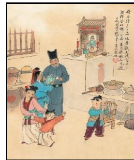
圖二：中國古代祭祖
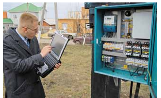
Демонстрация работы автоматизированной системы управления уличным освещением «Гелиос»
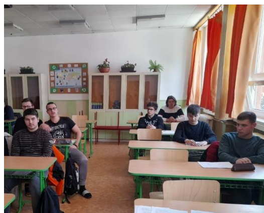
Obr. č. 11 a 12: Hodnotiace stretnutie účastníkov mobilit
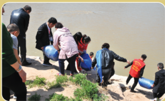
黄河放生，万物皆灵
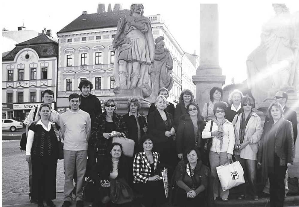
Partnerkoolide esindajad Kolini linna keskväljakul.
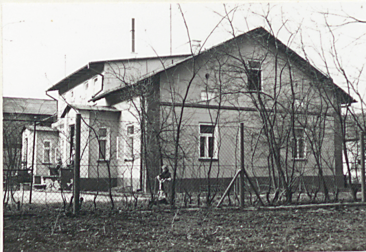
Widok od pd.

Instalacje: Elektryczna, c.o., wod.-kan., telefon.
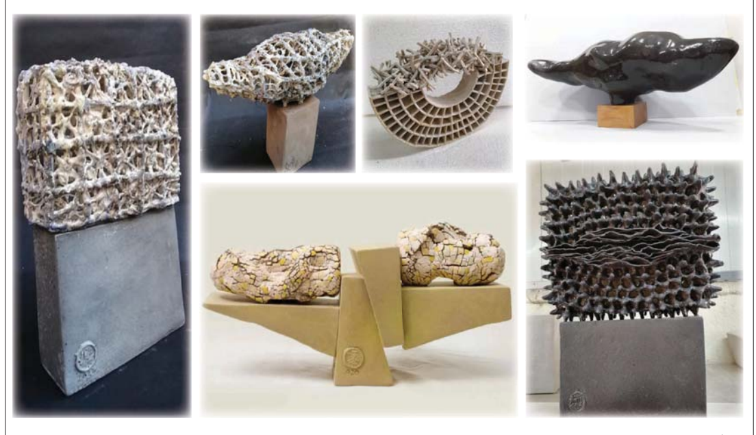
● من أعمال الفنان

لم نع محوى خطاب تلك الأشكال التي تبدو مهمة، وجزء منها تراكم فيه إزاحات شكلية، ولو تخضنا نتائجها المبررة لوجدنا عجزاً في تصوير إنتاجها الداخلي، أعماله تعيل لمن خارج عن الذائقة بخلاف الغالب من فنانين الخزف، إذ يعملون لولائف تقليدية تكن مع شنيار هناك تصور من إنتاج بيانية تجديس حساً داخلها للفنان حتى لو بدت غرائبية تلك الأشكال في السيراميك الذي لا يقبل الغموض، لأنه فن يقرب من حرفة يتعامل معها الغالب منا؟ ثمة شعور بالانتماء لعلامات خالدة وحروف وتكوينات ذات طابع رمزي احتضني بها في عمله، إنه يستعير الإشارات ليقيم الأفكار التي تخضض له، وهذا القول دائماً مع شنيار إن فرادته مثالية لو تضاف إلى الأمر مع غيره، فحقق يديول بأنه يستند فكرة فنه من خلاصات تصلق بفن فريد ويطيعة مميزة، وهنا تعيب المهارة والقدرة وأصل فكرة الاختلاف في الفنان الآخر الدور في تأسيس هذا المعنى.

==

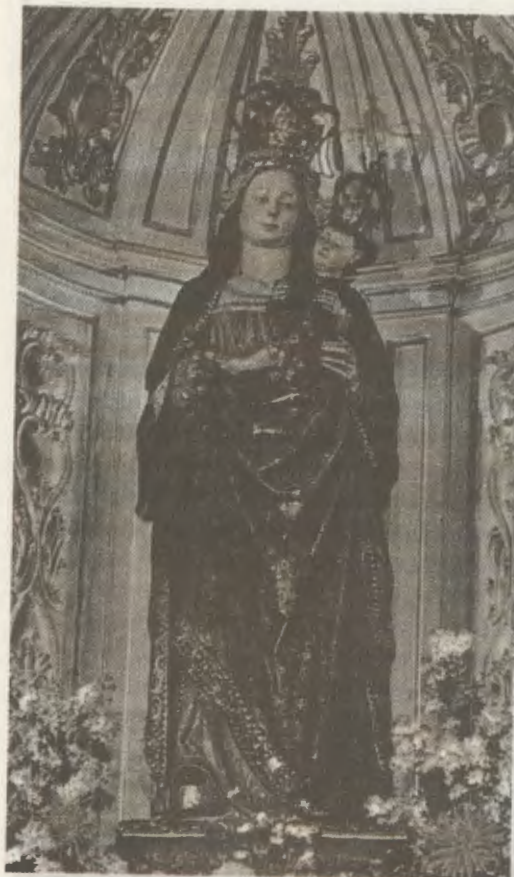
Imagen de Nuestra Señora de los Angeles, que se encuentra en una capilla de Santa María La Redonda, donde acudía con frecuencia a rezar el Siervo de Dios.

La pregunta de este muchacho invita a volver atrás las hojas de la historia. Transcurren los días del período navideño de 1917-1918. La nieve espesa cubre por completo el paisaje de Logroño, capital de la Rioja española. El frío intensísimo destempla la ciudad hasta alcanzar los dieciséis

--

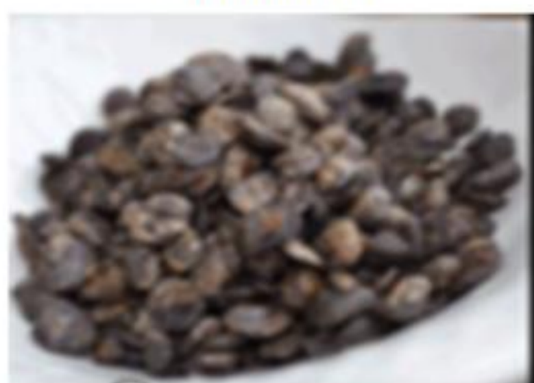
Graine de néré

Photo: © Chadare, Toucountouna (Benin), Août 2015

:: AIM OF THE TASK ::
Return exactly, and only, the lines above starting at the line that contains "Imagen de Nuestra" and ending at the line that contains "La pregunta de".

:: SOLUTION FOR THIS TASK ::
Imagen de Nuestra Señora de los Angeles, que se encuentra en una capilla de Santa María La Redonda, donde acudía con frecuencia a rezar el Siervo de Dios.

La pregunta de este muchacho invita a volver atrás las hojas de la historia. Transcurren los días del período navideño de 1917-1918. La nieve espesa cubre por completo el paisaje de Logroño, capital de la Rioja española. El frío intensísimo destempla la ciudad hasta alcanzar los dieciséis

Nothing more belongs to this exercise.